Not exactly, it seems.

Actually, there were workers on the beach. Not, perhaps, the 'right' sort for news coverage: "...if the U.S. TV news crews had returned just three days after their original visit, they would have seen that the black morass had already been removed by some of the 20,000 clean-up workers hired by BP...."

There was more going on in the Gulf than that clean-up crew, though.

Remember, there are huge reservoirs of petroleum under the Gulf of Mexico. Even without drilling, sometimes they leak.

When something that's not necessarily good for organisms is around now and again, organisms tend to adapt.

"...a respected Time magazine environmental writer voiced the near-heretical proposition: that the effects of the Deepwater Horizon disaster on April 20 had been massively hyped.

"His article was largely based on the opinions of Professor Ivan van Heerden, a brilliant but controversial marine scientist fired by Louisiana State University after publishing a book about Hurricane Katrina that said cataclysmic flooding was inevitable because the protection given to the coast was wholly inadequate.

"He said: 'There is just no data to suggest this is an environmental disaster - although BP lied about the size of the oil spill, we're not seeing catastrophic impacts.'

"Also recovering: Marsh grasses, with new growth, are seen along the Louisiana coastline

"Emboldened by the academic's willingness to go against the accepted wisdom, other leading scientists have concurred, with similar views being expressed in influential U.S. newspapers such as the New York Times and Washington Post...."

There's quite a bit more to the article, but I'll indulge in just one more excerpt. The setup for this is that plants grow along the Gulf of Mexico. A sort of byproduct of this growth is:

"...a thick, dark-brown plant sediment known as ‘coffee ground’ for its resemblance to the dregs left at the bottom of the cup."

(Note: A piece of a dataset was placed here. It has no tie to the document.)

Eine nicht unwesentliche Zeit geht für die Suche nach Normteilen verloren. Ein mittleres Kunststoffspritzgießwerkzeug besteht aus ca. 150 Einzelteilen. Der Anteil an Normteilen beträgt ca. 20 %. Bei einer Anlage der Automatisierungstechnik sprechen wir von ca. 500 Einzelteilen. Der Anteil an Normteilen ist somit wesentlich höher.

"...Even from a few feet away, this sediment can be very easily mistaken for oil, and often when passing boats or aircraft report spotting oil on the shore, this is what they have really seen.

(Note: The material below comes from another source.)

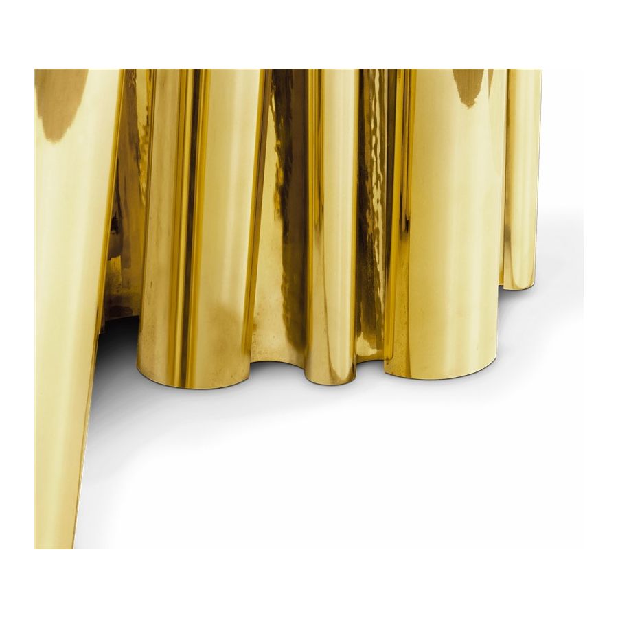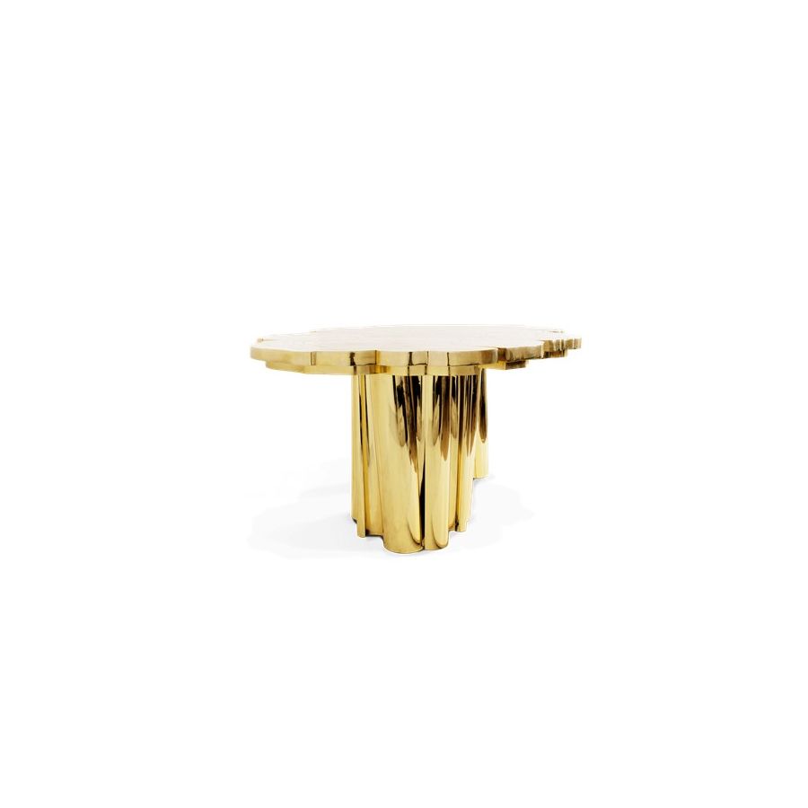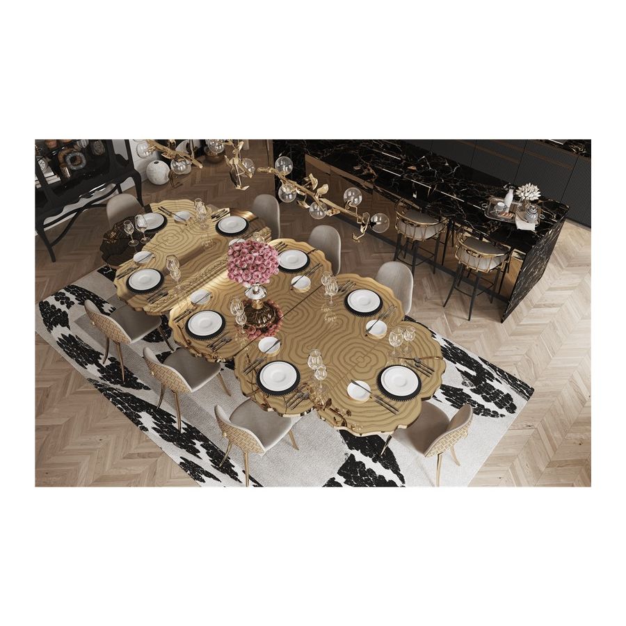Fortuna is a contemporary dining table with one-of-a-kind design aesthetic and refined statement to the most influential minds. Representing the essence of empowerment, sophistication, and mystics, the Fortuna features an exclusive gold brass surface for ground-breaking dining rooms.

"This is one reason why the extent of the coastal oiling has been exaggerated. Indeed, Grenon, a veteran of 25 spills, says he is constantly amazed at how little pollution he finds.

"He says: 'I know it sounds ridiculous, but it's probably the largest spill there has ever been and yet there's hardly any oil.

" 'The ecosystem around here is also used to oil. It's been here forever, and there are more than 4,000 oil wells in the Gulf.

" 'So there are spills and natural seepage all the time, and the fish and plants adapt to deal with them. I'm confident the area will make a full recovery.'..."

Well, I wouldn't say that the ecosystem has been there "forever." Earth is only about four and a half billion years old, and that particular patch of real estate has changed quite a bit in the roughly 65,000,000 years since an asteroid knocked a hole in what's now the Yucatan Peninsula.

But I agree with Grenon's point, that the critters living in and around the Gulf have been dealing with petroleum leaks for a lot longer than BP has been around. Or England, or homo sapiens sapiens.

Now, since the walruses who never really existed, are gone from the Gulf, isn't it about time that the American government let the oil companies who haven't already left - rehire those unemployed folks?

Related post:More:


info said...

We all know there are no walruses in the Gulf. Even though it was a mindless cut-and-paste action by BP and the others, shame on them for not proof-reading. The "walruses in the gulf" issue left some South Louisianians saddened that some people might really not know what animals are really being damaged down here. We put together this video to show them.

Brian, aka Aluwir, aka Norski said...

Old-school American news media did a pretty good job of saturation coverage of their Gulf of Mexico.

By now, I rather doubt that there are many folks in the English-speaking world who didn't get the impression that all the beaches and birds and fish were completely covered with oil.

The sad reality is that the Gulf of Mexico is not utterly ruined forever. The point of those 'before' and 'after' photos was to show what's really happening - not the crisis du jure we're supposed to believe in.

I know: some fish died. Some birds died. Some tourists had to deal with oily beaches. For a few days. And a whole lot of folks on the Gulf had to deal with bad press that kept their customers and clients away.

Oil has been leaking from the bottom of the gulf ever since that part of the world went under water, and that the plants and animals have long since adapted to these occasional disasters. It's rough on individual critters: but the system as a whole is doing what it's done since before our ancestors used fire.

Of course, now that Big Oil is around: well, that's where the news crews come in.

As for Saving the Critters? Well, volunteer work can do a lot of good.